1. The problem statement, all variables and given/known data

A 1.40 kg ball and a 2.20 kg ball are glued together with the lighter one below the heavier one. The upper ball is attached to a vertical ideal spring of force constant 170 N/m, and the system is vibrating vertically with amplitude 19.0 cm. The glue connecting the balls is old and weak, and it suddenly comes loose when the balls are at the lowest position in their motion.

m1 = 1.4 kg
m2 = 2.2 kg
k = 170 (not sure)

2. Relevant equations

(1/2)kx^2
(1/2)mv^2
(m1+ m2)v(both) = mv.

3. The attempt at a solution

Ok so i got the frequency of this problem to be 1.4 and thats correct. But im lost in finding the amplitude.

Here's what i have done but its wrong. (I think since mass is less - amplitude should be less)

i want to use conservation of momentum (m(both)v(both) = mv) to find v of m2 so i first need v of both.

For that i need v(both) so i used conservation of energy (1/2kx^2 = 1/2mv^2) -> which gives me v(both)

With that i use to find v of m2 using m2v2 = m(both)v(both). Now with the v of m2, i use energy conservation again (1/2kx^2 = 1/2mv^2) to find x for just m2. This should be the amplitude but the answer seems to be wrong) - i get 17 cm.

Is my approach ok? Any help would be great.

Thanks!

2. Dec 5, 2007

### Staff: Mentor

What is it that you are asked to find?

3. Dec 5, 2007

### kevinr

Amplitude after the small ball has fallen off. (of the big mass only)

Oops forgot that

4. Dec 5, 2007

### Staff: Mentor

OK. Hint: Where's the new equilibrium point?

5. Dec 5, 2007

### kevinr

Ok so that means that the 17 cm i got is compared to the old equilibrium?

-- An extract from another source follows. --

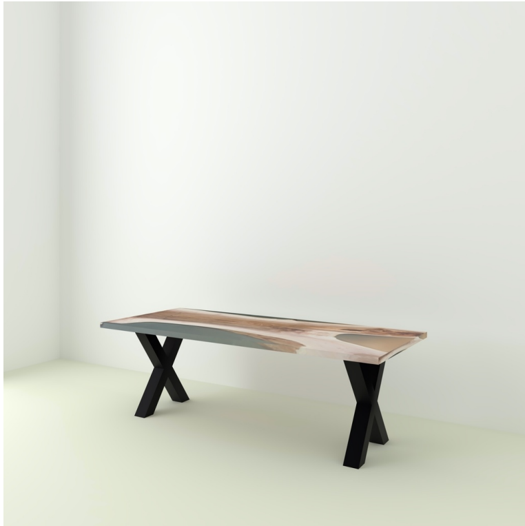
Table Indiana Noyer Et Résine pieds X

If so, i have no idea how to get the new equilibrium point. Wouldnt the new equilibrium point be the new altitude you get? (since altitude is measured from equilibrium).

Thanks for help!

6. Dec 5, 2007

### Staff: Mentor

I have no idea what you were doing when you calculated that value. You don't need conservation of momentum or energy to solve this.

You are given that the amplitude (before the piece falls off) was 19 cm. That means the system oscillated between 19 cm above the equilibrium point to 19 cm below the equilibrium point. (The equilibrium point is where the net force on the mass is zero.)

When the piece falls off, the remaining mass is 19 cm below the old equilibrium point. You need to find out how far it is below the new equilibrium point. So figure out how much the equilibrium point shifts.

7. Dec 5, 2007

### kevinr

removed cause i figured out after the hint!

Last edited: Dec 5, 2007
8. Dec 5, 2007

### kevinr

Thanks!

I managed to figure it out after you Hint =D.